MIT Reports to the President 1994-95

Leaders for Manufacturing Program

1994-95 brought the Leaders for Manufacturing (LFM) Program five significant personnel transitions:

Dave Hardt accepted the Dean of Engineering's appointment as official LFM Co-director, Engineering (effective July 1, 1995).

Nils Muench stepped down from the directorship of the LFM Research Program.

Hilary Sheldon, Manager of Partner Relations, succeeded Rosalie Allen.

Mathilde Wood assumed responsibilities as Assistant to the Co-director (Engineering), succeeding Hilary Sheldon.

Nancy Upper succeeded Katherine Miller as Communications Assistant.

Government funding through the Technology Reinvestment Program (TRP) enables LFM to place two or three interns per year for three years in small and medium-sized enterprises. LFM students are now interning at Bay Networks, Inc.; Instron Corporation; MPM Corporation; PictureTel; Quantum Corporation; Reading Tube Corporation; and Teradyne, Inc.

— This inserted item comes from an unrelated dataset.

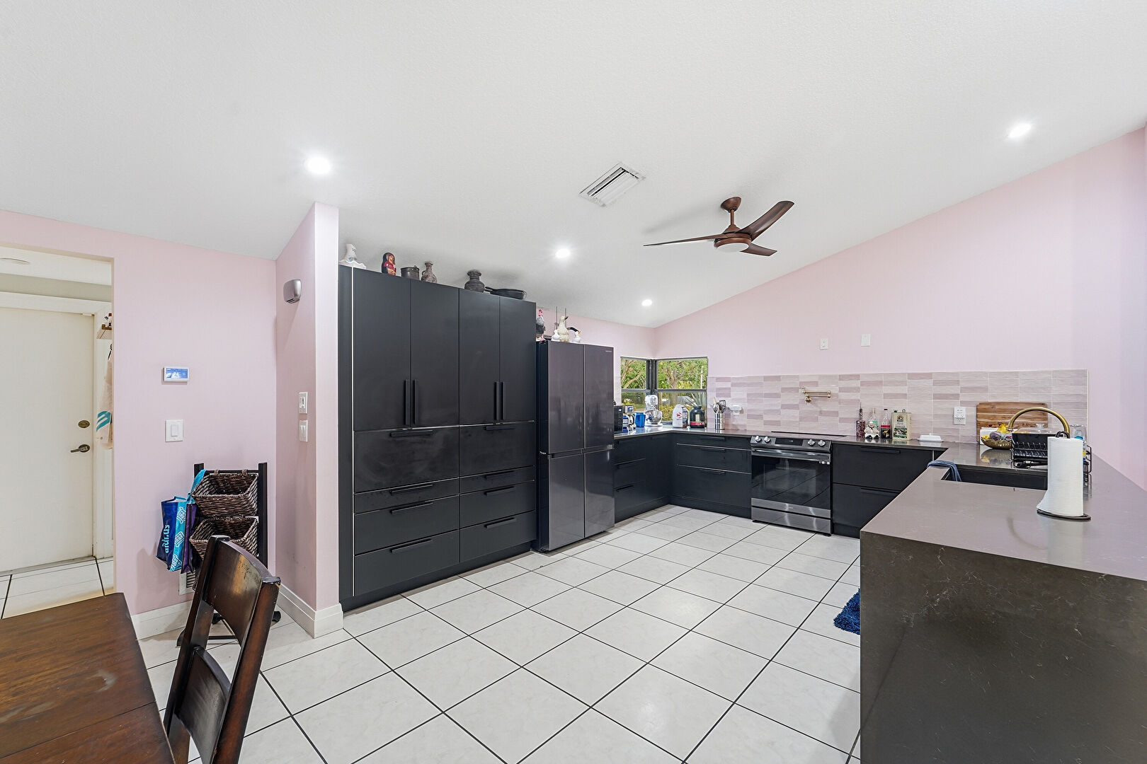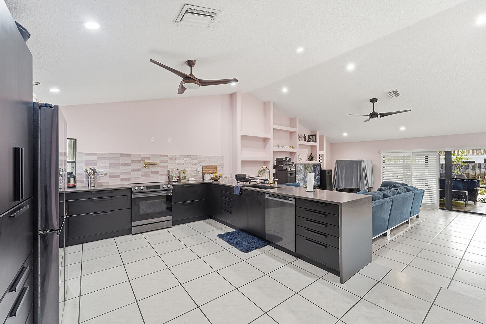 Baseboards Wall, Black Cabinets, Cathedral Ceiling, Ceiling Fan, Drywall, Flat Panel Cabinets, Gray Cabinets, High Ceiling, Kitchen Peninsula, Natural Light, Notable Chandelier, Open Shelves, Opens To Living Area, Recessed Lighting, Stone Countertops, Tile Floor, U Shaped Kitchen, Vaulted Ceiling, Vent, Black Cabinets, Opens To Living Area, U Shaped Kitchen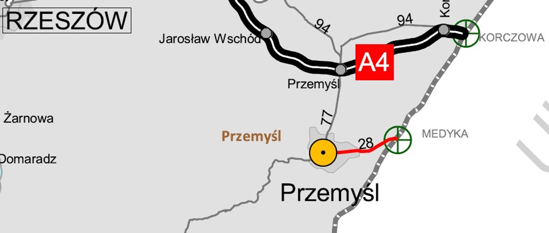 Odcinek planowo ma być oddany do użytku w III kwartale 2022 r.<br/><br/>- DK28 Przemyśl — Medyka (7,05 km)

A progress report for the year on the eight LFM "products" follows. The program this year focused on partner outreach and sustainability as LFM enters "Phase III."

CONTINUOUS IMPROVEMENT

To document progress and improvement opportunities, the Leaders Program has completed work preliminary to surveying constituents in order to issue a two-year report. To monitor significant data more frequently to update Operating Committee and Governing Board members, LFM periodically issues operations reports covering all aspects of the Leaders Program.

COLLABORATION

Twelve of the 13 original LFM industry partners continue to build on their close working relationships with MIT. Johnson & Johnson resigned partnership: its Corporate level could not justify the time and cost required for the product delivered (i.e., highly technical graduates; J&J seeks more of a marketing orientation). Leaders Program-supported research has continued to increase the partners' manufacturing competitiveness, sometimes dramatically. An LFM-supported doctoral student who graduated in Spring 1995, for example, developed a computationally efficient method for estimating certain performance measures for tandem, finite-buffered flow lines, or transfer lines; one partner company estimates that this work at one of its manufacturing facilities has yielded economic returns on a scale of millions of dollars per month. An LFM intern at another partner company commissioned a software firm to develop a manufacturing line design program written by the same doctoral student and his principal advisor, producing an Excel-compatible program now being used by the second partner company to design and improve its manufacturing systems.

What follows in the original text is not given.